I just passed the Series 7 on Friday, and I want to say this for anyone feeling completely defeated right now…
I failed twice before this. first with a 62, then a 71. That 71 hurt the most because I felt so close but still not there. I was also in the same spot a lot of you are in, scoring in the 50s–60s on practice exams and genuinely questioning if I was cut out for this. Also, been at this for 10 months after I passed the SIE.
Also, the fact that I’m 22, just graduated college, and had no financial background. I really lacked confidence.
The biggest thing I learned: this exam is designed to make you feel like you’re failing. While I was taking it on my third try, I was literally in my head planning how I was going to explain to my boss that I still wanted to keep my job. That’s how convinced I was that I was failing again.
Then I hit submit… waited… and when I saw “PASS,” I actually started crying.
So if you feel like you’re bombing it while you’re taking it, that doesn’t mean you are. Push through.
A few things that made the difference for me:
• If you’re not consistently near passing yet, seriously consider pushing your exam back a couple weeks (especially if you’re still in that free 10-day reschedule window). I know it sucks, but giving yourself a little more time can change everything.
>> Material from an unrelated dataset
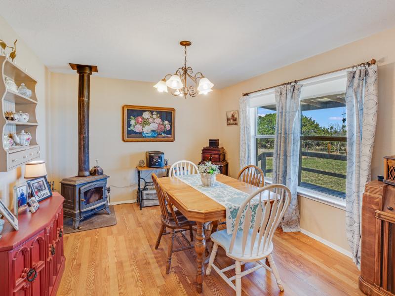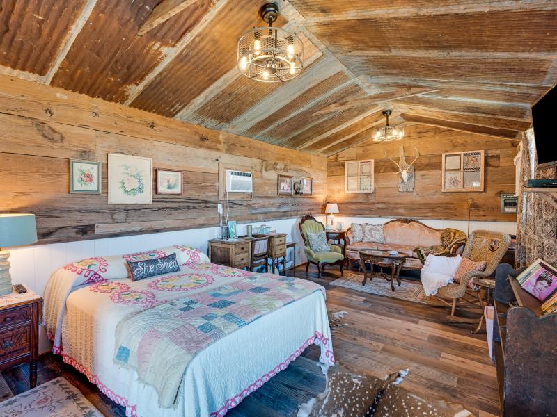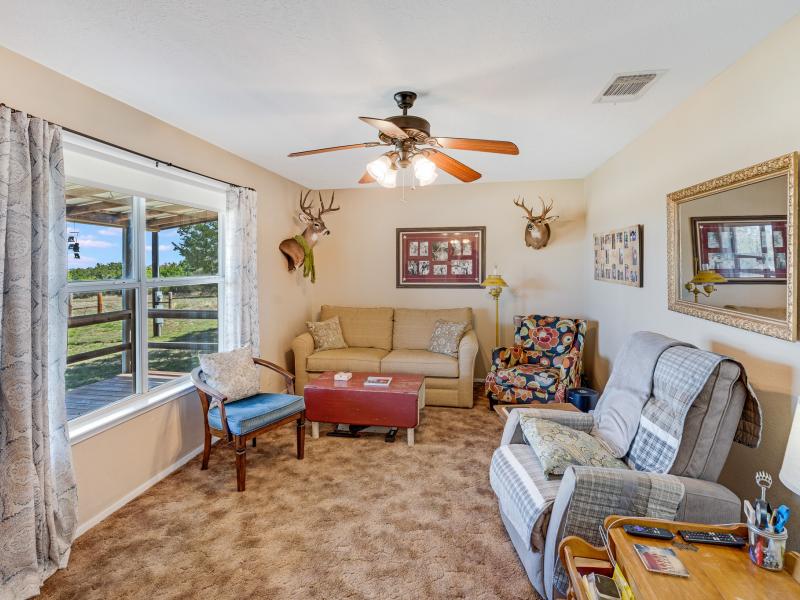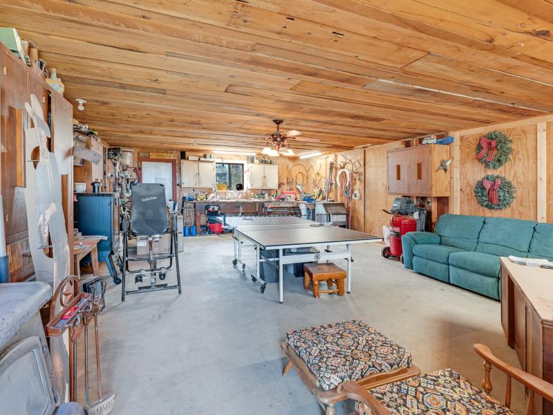 Improvements on the ranch are thoughtfully designed, well-maintained, and fully functional for both full-time living and weekend use. The main residence is a 2,040+/- square foot, 3-bedroom, 2-bath home featuring a spray foam insulated roof and new vinyl windows for enhanced energy efficiency. The home also includes a climate-controlled garage space with an ice machine and TV, creating an ideal setup for entertaining or relaxing after a day outdoors.

If I could go back im time, i would be a lot more patient with myself and really stick with my study schedule and not rush into taking it.
• If options are your weak point — invest in Ken’s options videos (like $20/month on YouTube). That alone was a game changer for me.
• Drill Kaplan QBank HARD. – Full practice exam every day – Review every single wrong answer – Then do smaller quizzes by topic
• Get a “quick facts” sheet (STC/Kaplan/etc.) and record yourself reading it. Listen to it in the car, while walking, whenever. It helps more than you think.
• Watch walkthrough videos: I watched Ken + D ean go through questions/exams. Seeing how they THINK through questions helped more than just reading explanations.
• Dump sheet (honest take): I personally didn’t really use one because it stressed me out more than it helped. BUT, a lot of people swear by them, so if you’re someone who likes having everything written out, definitely do it.
For me, instead of a dump sheet, I just had certain things completely locked in mentally. like I had the options chart in my brain for months at that point. It felt automatic, not something I needed to rewrite.
You are not alone in this. A lot of people who pass this exam struggled first.
If you’re putting in the work, you’re way closer than you feel right now.